SF Bay Area Bike Share launches Thursday

Bay Area Bike Sharewill launch its pilot program on Thursday. The $7,000,000 program, which is run by the regional Bay Area Air Quality Management District and city transit agencies, will roll out 700 bikes at 70 kiosks in heavily trafficked commuter areas of San Francisco, San Jose, and three other Peninsula cities.

Half of the bikes will be in San Francisco and the other half will be spread out among the remaining cities. 

Yearly memberships run $88, three-day passes cost $22, and a 24-hour pass goes for $9. That's roughly the same as in other cities with similar programs also run by Portland-based Alta Bicycle Share. The bikes will be the same also. 

Members get an unlimited number of rides under 30 minutes, paying no charge if they return a bike to any dock within the half hour. After that, fees kick in, so you can pay as much as $150 if you hold onto a bike for a full 24 hours. 

The idea is to create high-turnover, so the bikes can get the most riders possible. It’s also to create a distinction between bike share, designed for commuters, and bike rental, which is for tourists mostly who want to ride around for a couple of hours. That distinction facing a little difficulty in New York, where bike rental companies can’t agree whether bike share has helped or hurt their business.

Bay Area Bike Share is starting relatively small—in contrast, New York’s Citi Bike program started with 6,000 bikes. The size has been a criticism since the pilot was announced. To work, bike share needs scale. The Washington D.C. bike share, for example, started too small and had to be overhauled and re-launched before it caught on.
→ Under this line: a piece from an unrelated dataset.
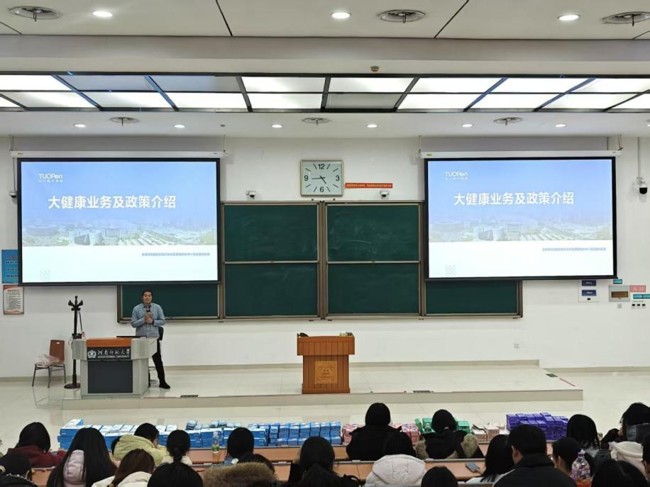 • 为深化校企交流合作,拓宽学生就业渠道,12月7日下午,商学院商业英才实验班与实训基地携手驼人集团,于文昌楼302教室举办商业认知及产品宣讲会。商业英才实验班指导教师、部分学员与实训基地学生代表参加本次活动。会议由实验班负责人侯明利主持。会上,侯明利对驼人集团大健康业务市场总监潘家华一行的到来表示热烈欢迎。潘家华通过宣传片向同学们展示了集团的发展历程与企业文化,并聚焦大健康业务板块,详细介绍了集团在个人防护、居家健康监护及医美产品领域的产业布局和智能血压仪、医用抗菌口罩及械字号卫生巾等核心产品,充分展现出企业多元化生产的经营特色。他结合自身职业经历,建议同学们夯实商科专业技能,努力成长为应用型、复合型的高素质商科人才。侯明利表示,商业英才实验班期待与驼人集团建立可持续的校企合作机制,帮助同学们丰富实践经验,提升商业素养,拓宽职业发展渠道。在交流环节中,同学们围绕企业招聘计划与实习就业等问题踊跃提问,潘家华逐一作出细致解答,并现场赠送企业系列产品供同学们体验。本次宣讲会有效促进了校企之间的优势互补与资源共享,有利于建设产教融合与协同育人的长效机制,助力同学们提升职业认知水平与职业发展潜能,

Back in March, San Francisco Bike Coalition communications director Kristin Smith said the small start could be cause for concern.

Karen Schkolnick, the program manager from BAAQMD, said she knows this is a problem, but the purpose of the pilot is to figure out how bike sharing works in the Bay Area. They’re already working to secure extra funding, and the San Francisco city supervisors voted to make expanding the program a priority for the SFMTA in 2014, and an extra 300 bikes are promised in the spring.

Schkolnick said it’s estimated that San Francisco could handle up to 3,000 bikes—meaning about half the city would have a kiosk within a few blocks.

“In the long term, we estimate that up to six to ten thousand bicycles could be accommodated in the Bay Area,” Schkolnick said. “That would probably not only include these five cities but many other cities and communities as well.”

As of Monday, 849 people have signed up for an annual pass.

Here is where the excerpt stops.